Task to carry out — Output the lines from the top of the entries below to the line with "男性向けラノベタイトル風あだ名 | 『にわずきの嫁は女の子じゃないと思った?』 |", both included, exactly and without pictures.

Data listing —
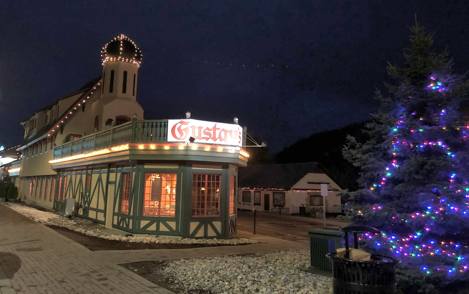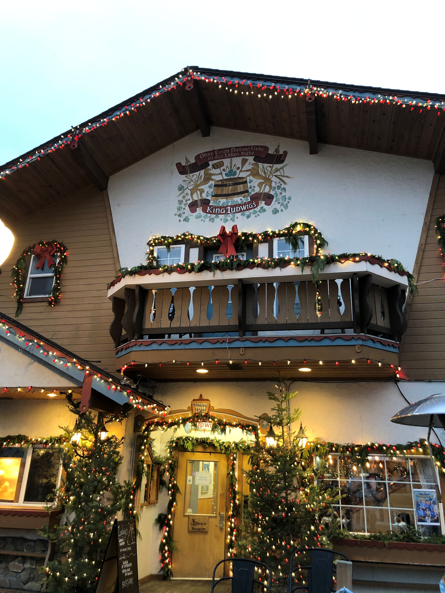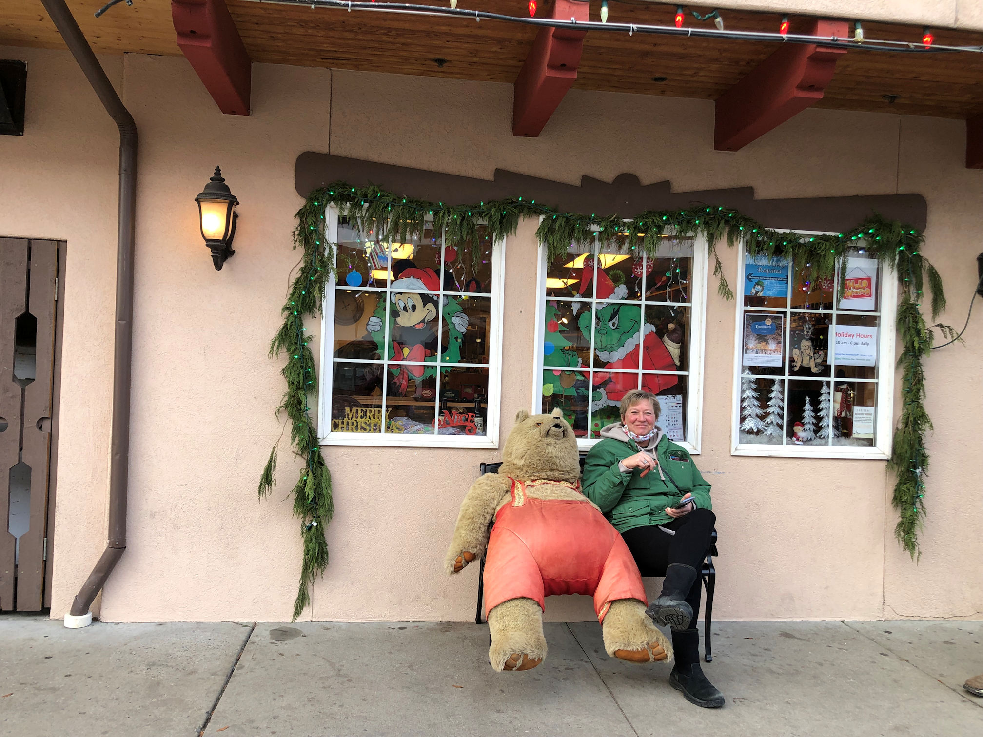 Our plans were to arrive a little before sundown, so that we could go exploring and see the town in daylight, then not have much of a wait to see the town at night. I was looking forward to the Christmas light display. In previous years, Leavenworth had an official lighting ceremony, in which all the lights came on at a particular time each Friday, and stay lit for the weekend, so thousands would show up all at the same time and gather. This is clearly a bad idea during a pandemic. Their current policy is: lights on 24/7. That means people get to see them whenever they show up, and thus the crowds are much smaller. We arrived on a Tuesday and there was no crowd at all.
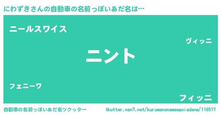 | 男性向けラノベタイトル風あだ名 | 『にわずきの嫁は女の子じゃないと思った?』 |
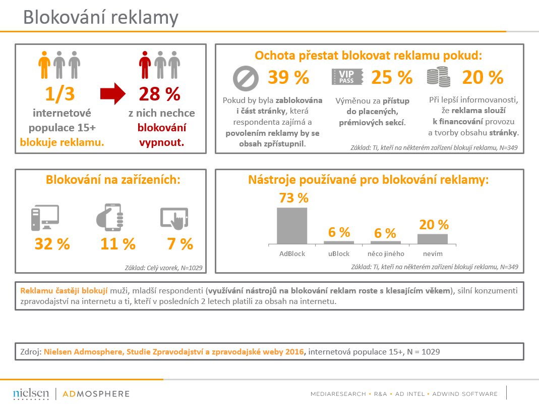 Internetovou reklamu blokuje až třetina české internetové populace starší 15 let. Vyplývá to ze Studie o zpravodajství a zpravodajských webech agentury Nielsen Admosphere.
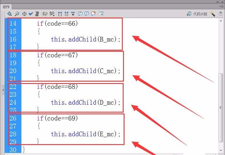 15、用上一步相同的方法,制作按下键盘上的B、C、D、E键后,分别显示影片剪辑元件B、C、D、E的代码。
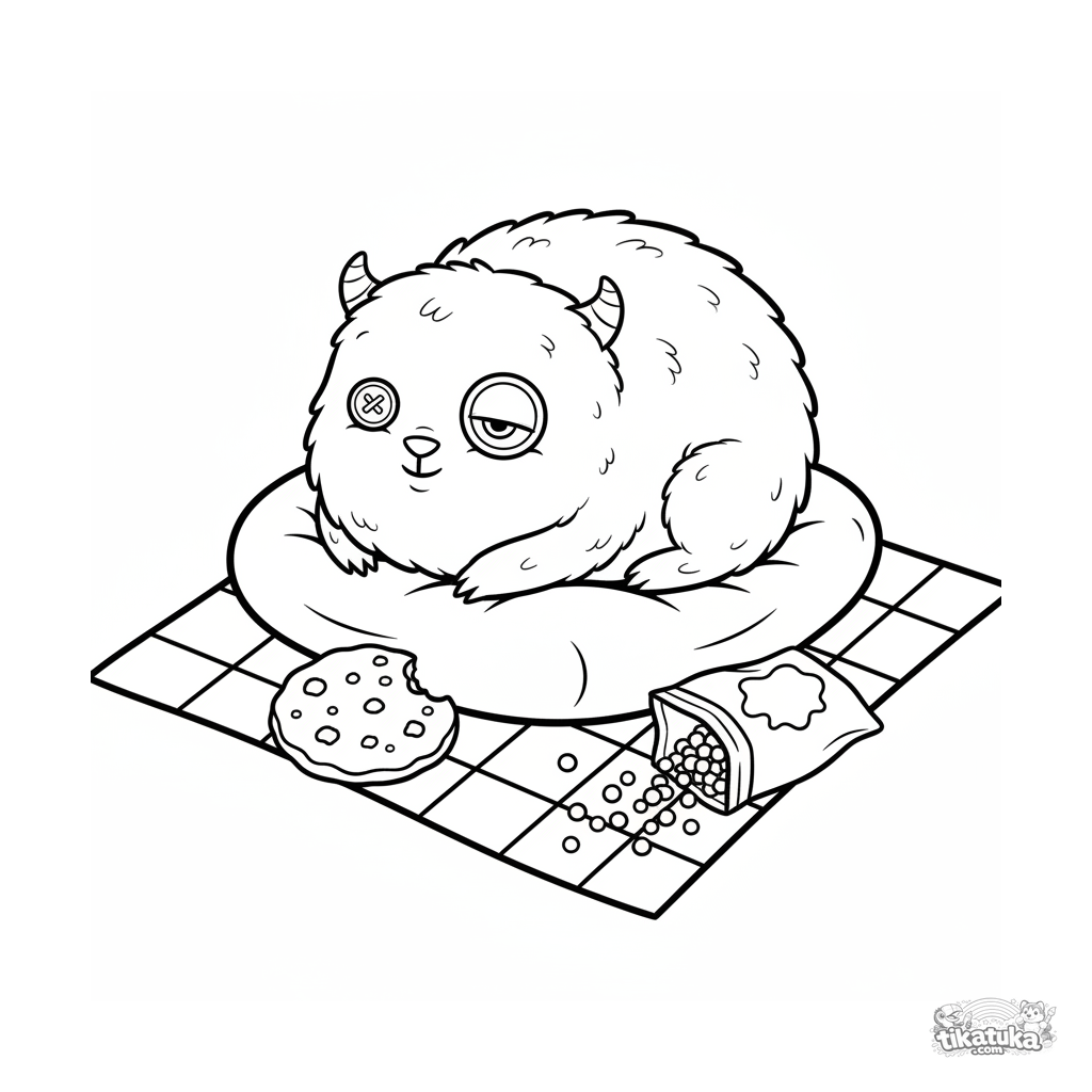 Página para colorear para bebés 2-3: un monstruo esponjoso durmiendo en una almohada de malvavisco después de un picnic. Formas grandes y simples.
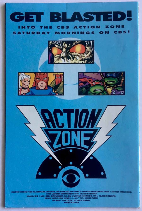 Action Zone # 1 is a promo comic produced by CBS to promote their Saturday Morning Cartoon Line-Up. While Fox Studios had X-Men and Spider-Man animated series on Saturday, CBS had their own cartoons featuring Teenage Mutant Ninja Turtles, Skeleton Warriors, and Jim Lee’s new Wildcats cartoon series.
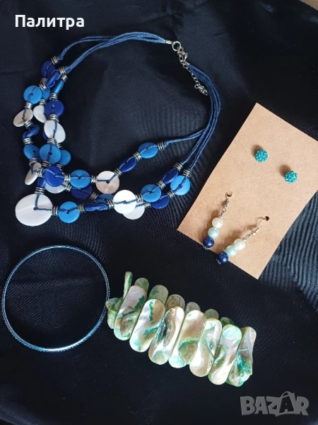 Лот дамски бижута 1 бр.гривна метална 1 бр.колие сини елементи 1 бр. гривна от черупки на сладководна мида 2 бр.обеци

Solution —
 Our plans were to arrive a little before sundown, so that we could go exploring and see the town in daylight, then not have much of a wait to see the town at night. I was looking forward to the Christmas light display. In previous years, Leavenworth had an official lighting ceremony, in which all the lights came on at a particular time each Friday, and stay lit for the weekend, so thousands would show up all at the same time and gather. This is clearly a bad idea during a pandemic. Their current policy is: lights on 24/7. That means people get to see them whenever they show up, and thus the crowds are much smaller. We arrived on a Tuesday and there was no crowd at all.
 | 男性向けラノベタイトル風あだ名 | 『にわずきの嫁は女の子じゃないと思った?』 |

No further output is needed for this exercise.